• [Record set]:
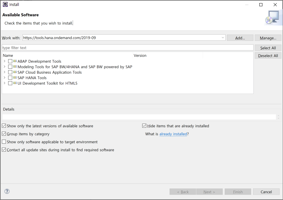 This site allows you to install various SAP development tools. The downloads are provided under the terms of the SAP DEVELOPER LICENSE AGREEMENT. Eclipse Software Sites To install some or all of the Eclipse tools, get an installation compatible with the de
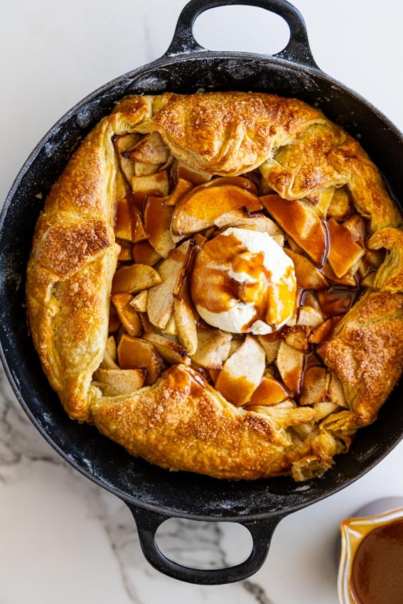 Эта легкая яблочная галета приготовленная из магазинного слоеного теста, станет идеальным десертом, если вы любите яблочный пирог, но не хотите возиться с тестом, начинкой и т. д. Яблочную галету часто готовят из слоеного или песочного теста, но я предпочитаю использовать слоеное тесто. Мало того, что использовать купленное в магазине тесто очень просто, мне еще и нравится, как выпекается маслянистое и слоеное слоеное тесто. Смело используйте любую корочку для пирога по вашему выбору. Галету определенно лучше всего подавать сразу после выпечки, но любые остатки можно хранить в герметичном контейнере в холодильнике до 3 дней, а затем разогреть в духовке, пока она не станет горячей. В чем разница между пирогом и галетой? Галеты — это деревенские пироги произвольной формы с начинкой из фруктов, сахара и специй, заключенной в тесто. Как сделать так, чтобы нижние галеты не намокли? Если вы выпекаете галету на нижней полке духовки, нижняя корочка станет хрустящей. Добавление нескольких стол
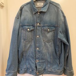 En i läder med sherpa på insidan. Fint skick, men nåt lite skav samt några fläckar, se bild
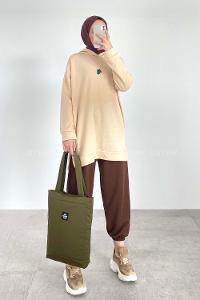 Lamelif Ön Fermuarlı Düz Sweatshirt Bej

...

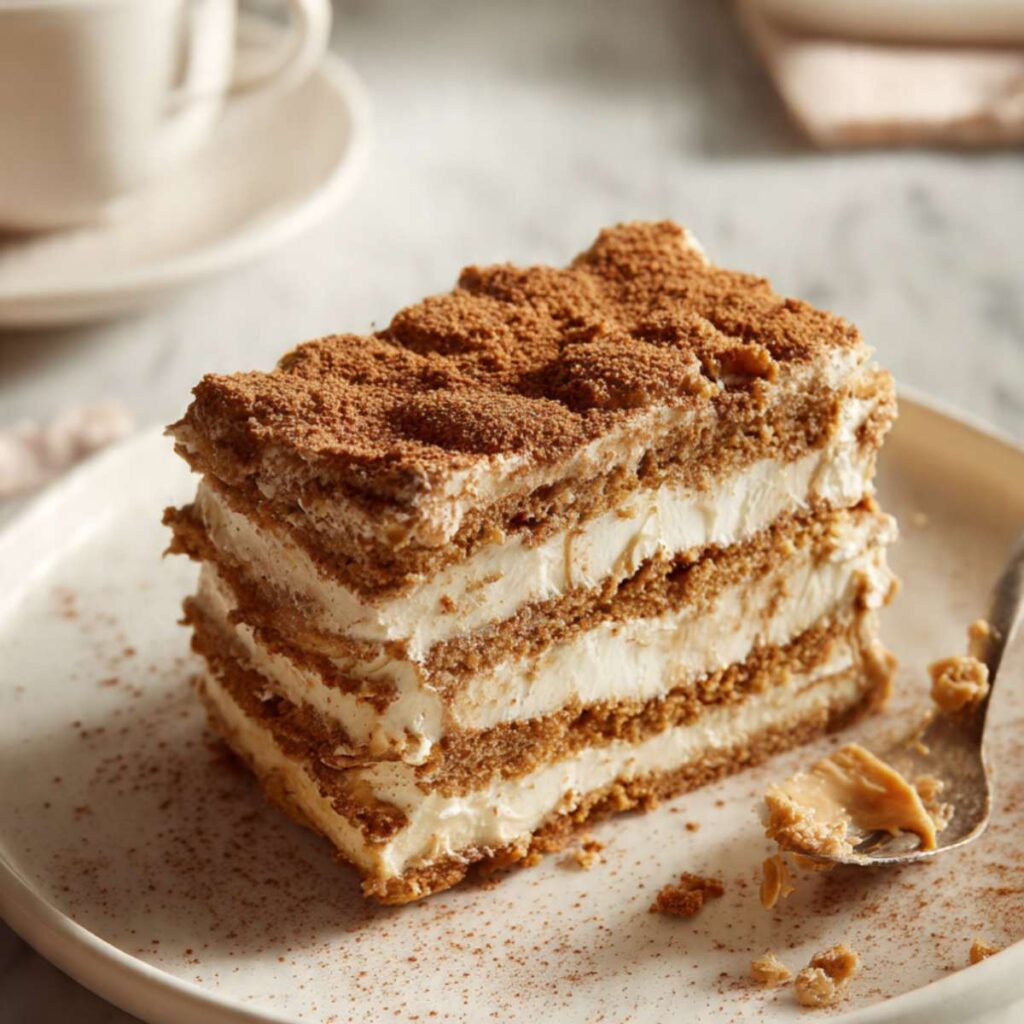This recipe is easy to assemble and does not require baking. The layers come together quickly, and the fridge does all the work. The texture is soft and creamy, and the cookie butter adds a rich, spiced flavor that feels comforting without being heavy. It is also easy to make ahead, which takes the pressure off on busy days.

• [Task goal]: Copy the entries above exactly, but only the stretch from the line containing "This site allows" through the line containing "Lamelif Ön Fermuarlı Düz Sweatshirt Bej". Keep both end lines; drop the pictures.

• [Answer box]:
 This site allows you to install various SAP development tools. The downloads are provided under the terms of the SAP DEVELOPER LICENSE AGREEMENT. Eclipse Software Sites To install some or all of the Eclipse tools, get an installation compatible with the de
 Эта легкая яблочная галета приготовленная из магазинного слоеного теста, станет идеальным десертом, если вы любите яблочный пирог, но не хотите возиться с тестом, начинкой и т. д. Яблочную галету часто готовят из слоеного или песочного теста, но я предпочитаю использовать слоеное тесто. Мало того, что использовать купленное в магазине тесто очень просто, мне еще и нравится, как выпекается маслянистое и слоеное слоеное тесто. Смело используйте любую корочку для пирога по вашему выбору. Галету определенно лучше всего подавать сразу после выпечки, но любые остатки можно хранить в герметичном контейнере в холодильнике до 3 дней, а затем разогреть в духовке, пока она не станет горячей. В чем разница между пирогом и галетой? Галеты — это деревенские пироги произвольной формы с начинкой из фруктов, сахара и специй, заключенной в тесто. Как сделать так, чтобы нижние галеты не намокли? Если вы выпекаете галету на нижней полке духовки, нижняя корочка станет хрустящей. Добавление нескольких стол
 En i läder med sherpa på insidan. Fint skick, men nåt lite skav samt några fläckar, se bild
 Lamelif Ön Fermuarlı Düz Sweatshirt Bej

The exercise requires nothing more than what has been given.